Battalion Operational Instruction Number 1 was issued - dealing with the business of getting the Battalion overseas - including shipboard behaviour and the process of de-waterproofing.
13th May 1944
Divisional Exercise “SHISHAH” was held – details of which can be found in the Brigade HQ War Diary.
The objects of the exercise, included within the War Diary as Appendix C, were to; practise the move forward of the Division from the Marshalling Area where Craft Parties were formed, thence forward overseas and re-concentration prior to advance to contact, and to practise the advance to contact.

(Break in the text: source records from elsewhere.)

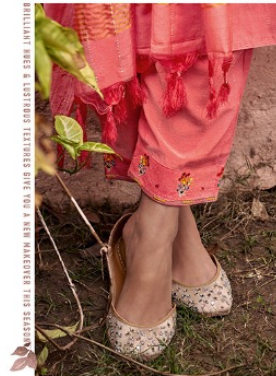
BRIGHT PINK & CORAL TONES ARE THE NEW MUST-HAVE FOR SEASON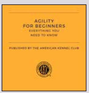
AGILITY FOR BEGINNERS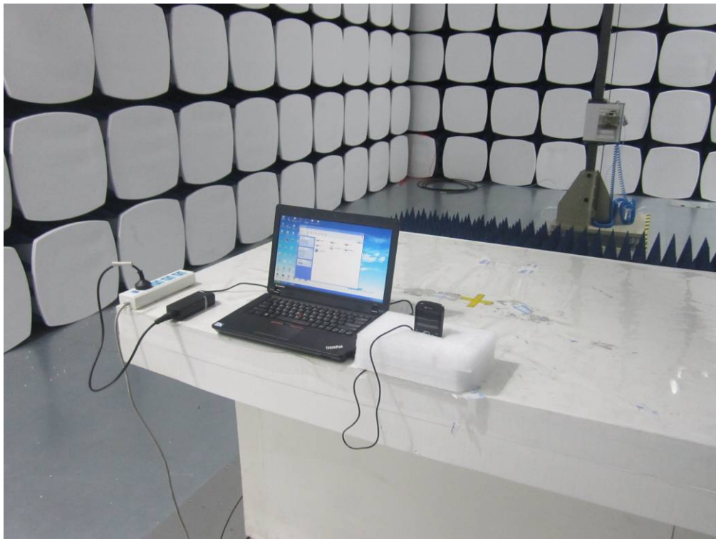
Radiated Spurious Emissions Test Setup Above 1GHz –Front View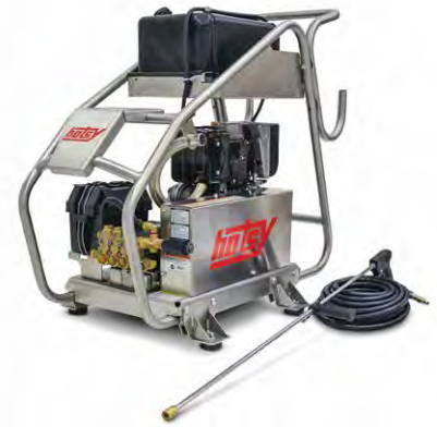
Diesel Model HHD 3.4/30 D with stainless steel frame

50-ft. high-pressure hose for easy maneuverability around a large working area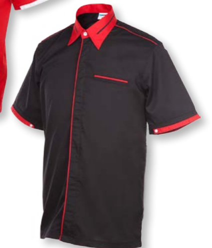
FC 2005 BLACK / RED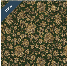
Kyber Dark Green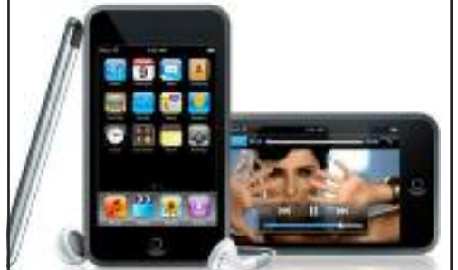
HHS- APPLE ITOUCH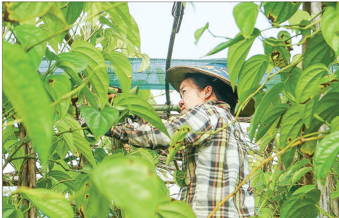
Woman harvests betel leaves at betel farm.

The lower region market depends on the Monywa betel leaf market. "If betel leaves from Monywa enter the mar-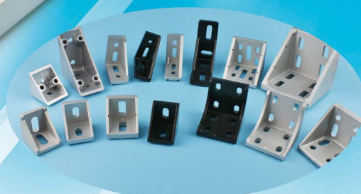
Die-cast right-angle corner brackets made of ADC12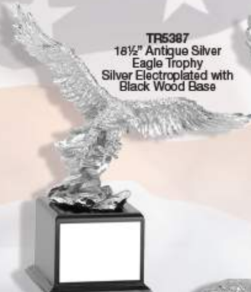
TR5387 18½" Antique Silver Eagle Trophy Silver Electroplated with Black Wood Base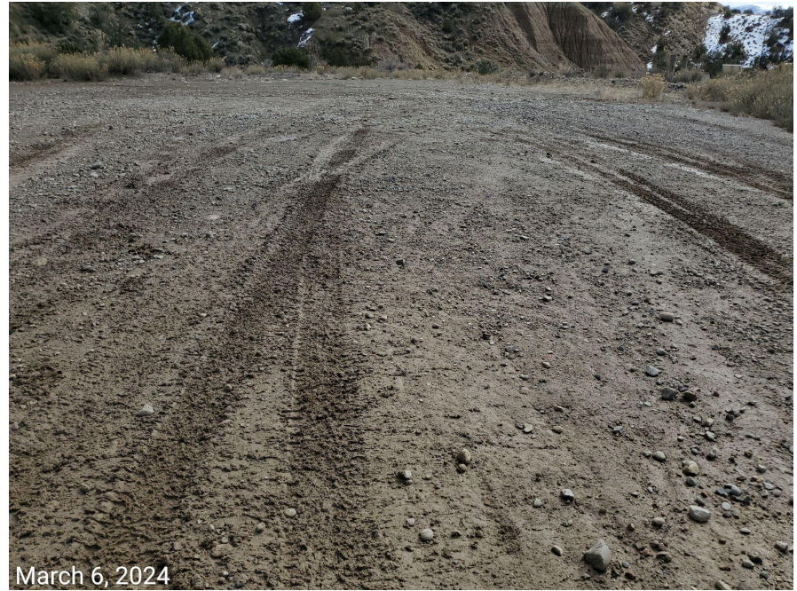
Photo 1: See comments under photo 1. Photo right also example showing areas of the southern well pad not reasonable needed for production.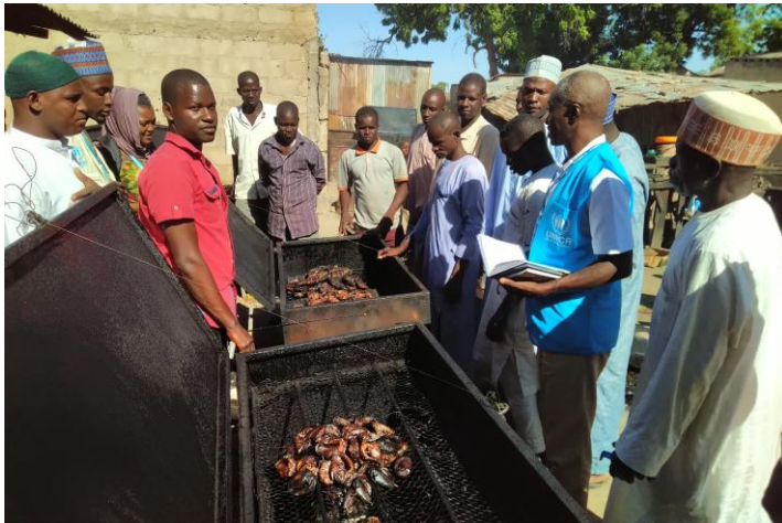
UNHCR Head of Field Unit (right) Damaturu exchanges with fishermen in UNHCR Livelihood Center in Damasak.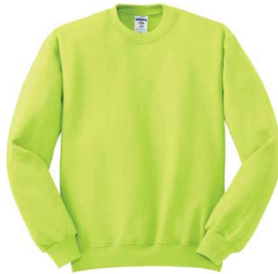
JERZEES® NuBlend® Crewneck Sweatshirt 562M | Adult Sizes: S-4XL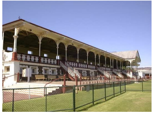
Grandstand from north-west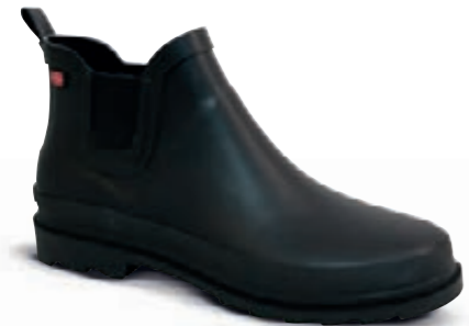
Felicia Welly // 467987 // Natural Rubber 2 Black // Size 36-42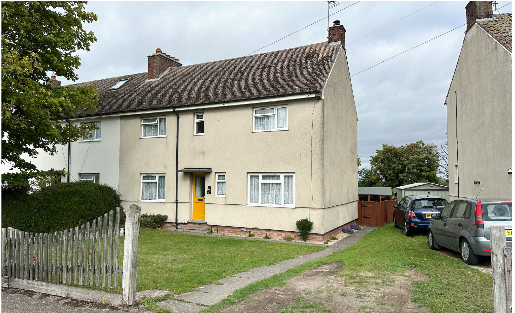
Fairview Grove, Swaffham Prior.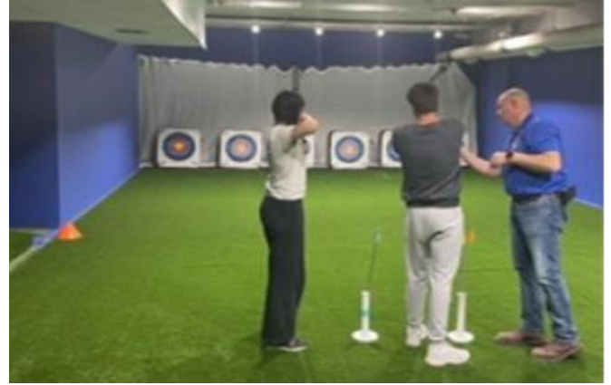
Students receive instruction on the archery range.

diminished over the years, leaving the rifle range space underutilized.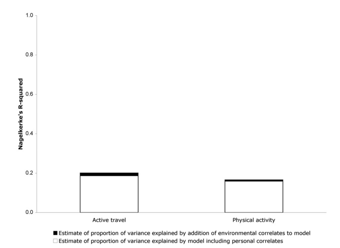
Figure 3 Estimated proportions of variance in active travel and physical activity explained by personal and environmental characteristics.

and car-owning households than predicted from 2001 census data for the same census output areas, these differences may be partly accounted for by an upward background trend in owner occupation and car access between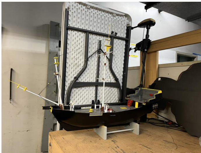
The previously mentioned pirate conversion boat, just to let you know it is in the cage if you want to take a look at it.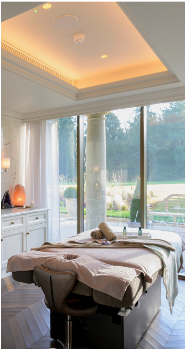
Three Graces Spa Treatment Room

To automate and control all technologies within the venue, Clever Association designed a Crestron control system that allows the various entertainment and lighting solutions to be automated or manually adjusted throughout the day. It is important that the entire venue looks and performs at its best at all times and this can be achieved with little to no input from the team. When hosting a specific event, automated lighting scenes and music selection can be overridden, to perfectly match the occasion.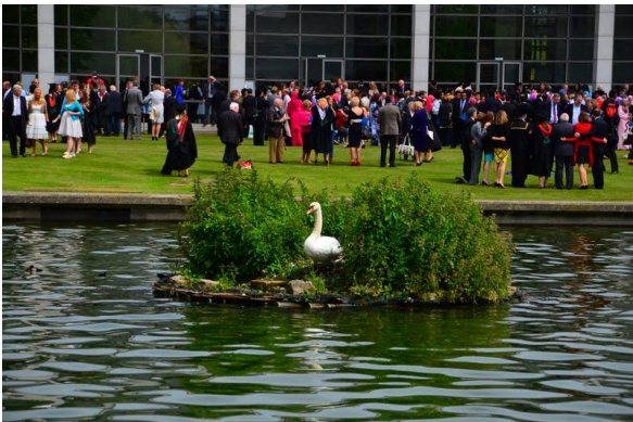
Swan in the lake at O'Reilly Hall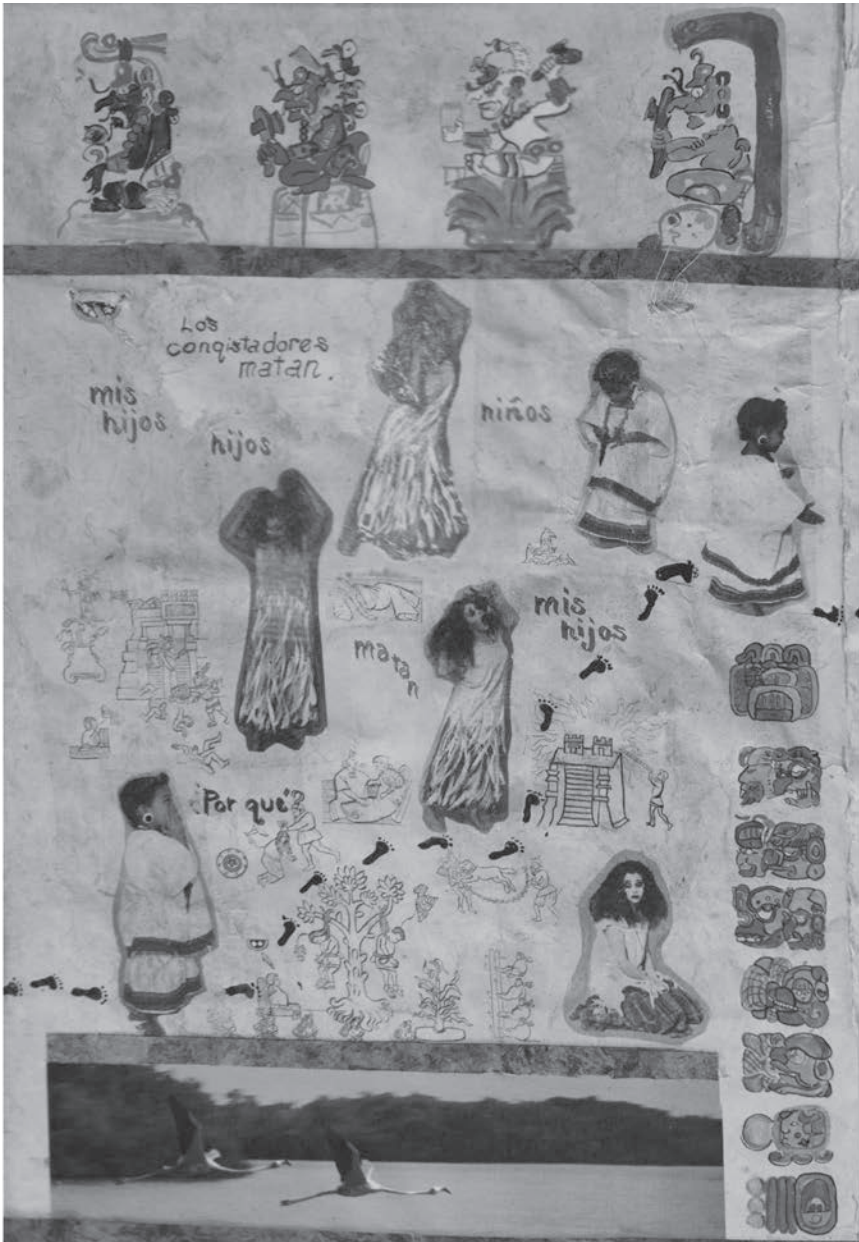
FIGURE 2. Panel 2 depicting Lloro-Lloro-Malinche from Codex Delilah . Copyright 2016 Delilah Montoya.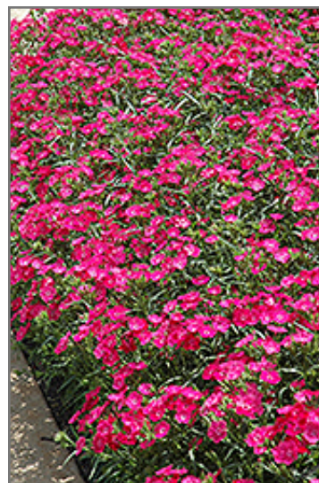
Bouquet Rose Pinks in bloom

The 2 i/c, with the Advance Party, had left THETFORD on 12th May. The Battalion, embussed, with vehicles loaded for the sea voyage, reached the Marshalling Area at 15:30 hours, to join the 70th Infantry Brigade Group at the West of SWAFFAM.
After shell scrapes were dug, the Companies amused themselves with football tournaments and camp-fire concerts.
14th May 1944
70th Infantry Brigade Group moved in jumbled order to JIG and KING beaches where landing tickets were handed to a Sector Control representative on the exercise by the Divisional Provost staff. Craft loads of vehicles embarked at KING beach and personnel at both KING and JIG beaches.
Routes from the disembarkation beaches to the concentration areas had been taped and the Battalion was all present at 12:00 hours, East of GOODSERSTONE, reference 66/2320.
The move from the Marshalling Area to the Concentration area was orderly and simple, and in action will clearly not be the same.
15th May 1944
At 09:00 hours the Battalion moved out of the concentration area behind 1st Tyneside Scottish, who were in the vanguard. The enemy had cratered the road at CROXTON 3205 which delayed the advance, and in the evening the Brigade Group took up position East of THETFORD, sending out patrols to the River LITTLE OUSE.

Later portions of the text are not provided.